Ladies German Open

Tournament information
- Location: Wörthsee, Bavaria, Germany
- Established: 1984
- Course: Wörthsee Golf Club
- Par: 72
- Tour: Ladies European Tour
- Format: Stroke play
- Prize fund: €250,000
- Month played: July

Tournament record score
- Aggregate: 263 Kylie Walker
- To par: −25 as above

Final champion
- Kylie Walker
- Wörthsee GC Location in Germany

= Ladies German Open =

Professional golf tournament

The Ladies German Open was a professional golf tournament on the Ladies European Tour schedule.

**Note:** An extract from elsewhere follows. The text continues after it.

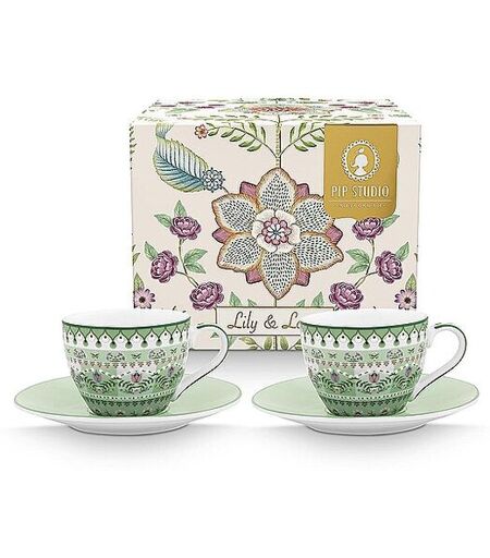PIP STUDIO Espresso Tassen mit Untertassen 2er Set LILY & LOTUS 120ml Light Green hellgrün B

It was held annually from 1984 to 2014 except for two interruptions, 1992 to 1994 and 2002 to 2007.

==Winners==

| Year | Venue | Winner | Country | Score | Margin of victory | Runner(s)-up | Country |
Ladies German Open presented by Marriott
| 2014 | Wörthsee | Kylie Walker | Scotland | 263 (−25) | Playoff | Charley Hull | England |
Unicredit Ladies German Open presented by Audi
| 2013 | Gut Häusern | Carlota Ciganda | Spain | 101 (−6) | Playoff | Charley Hull | England |
| 2012 | Gut Häusern | Anne-Lise Caudal | France | 275 (−13) | Playoff | Laura Davies | England |
| 2011 | Gut Häusern | Diana Luna | Italy | 264 (−24) | 7 strokes | Minea Blomqvist | Finland |
| 2010 | Gut Häusern | Laura Davies | England | 277 (−11) | 2 strokes | Melissa Reid | England |
HypoVereinsbank Ladies German Open
| 2009 | Gut Häusern | Jade Schaeffer | France | 275 (−13) | Playoff | Paula Martí | Spain |
| 2008 | Gut Häusern | Amy Yang | South Korea | 267 (−21) | 4 strokes | Louise Stahle | Sweden |
2002–07: No tournament
Palmerston Ladies' German Open
| 2001 | Bad Saarow | Karine Icher | France | 210 (−6) | 1 stroke | Suzann Pettersen | Norway |
stilwerk Ladies' German Open
| 2000 | Treudelberg | Joanne Morley | England | 274 (−14) | 2 strokes | Raquel Carriedo | Spain |
| 1999 | Treudelberg | Anne-Marie Knight | Australia | 278 (−10) | 1 stroke | Sophie Gustafson | Sweden |
| Laura Davies | England |
Ladies' German Open
| 1998 | Treudelberg | Lora Fairclough | England | 282 (−10) | 3 strokes | Stephanie Dallongeville | France |
| Joanne Morley | England |
| 1997 | Treudelberg | Joanne Mills | Australia | 283 (−9) | Playoff | Lynnette Brooky | New Zealand |
| 1996 | Treudelberg | Joanne Morley | England | 281 (−11) | 4 strokes | Maria Hjorth | Sweden |
Maredo German Open
| 1995 | Treudelberg | Rachel Hetherington | Australia | 275 (−17) | 2 strokes | Caroline Hall | England |
1992–94: No tournament
Lufthansa Ladies' German Open
| 1991 | Wörthsee | Florence Descampe | Belgium | 272 (−16) | 3 strokes | Liselotte Neumann | Sweden |
| 1990 | Wörthsee | Ayako Okamoto | Japan | 274 (−14) | Playoff | Cindy Rarick | United States |
| Laurette Maritz | South Africa |
| 1989 | Wörthsee | Alison Nicholas | England | 269 (−19) | 5 strokes | Patricia Gonzalez | Colombia |
BMW Ladies' German Open
| 1988 | Hubbelrath | Liselotte Neumann | Sweden | 290 (+2) | 1 stroke | Marie-Laure Taya | France |
| 1987 | Wendlohe | Marie-Laure Taya | France | 275 (−13) | 5 strokes | Dale Reid | Scotland |
| 1986 | Olching | Liselotte Neumann | Sweden | 282 (−6) | 2 strokes | Alison Nicholas | England |
LBS Ladies' German Open
| 1985 | Braunfels | Julie Brown | Scotland | 288 (−4) | Playoff | Barbara Helbig | Germany |
| 1984 | Braunfels | Beverly Huke | England | 219 (Par) | 3 strokes | Kitrina Douglas | England |

==Tournament highlights==
- 2011: Diana Luna wins with a bogey-free four rounds, a rare occurrence.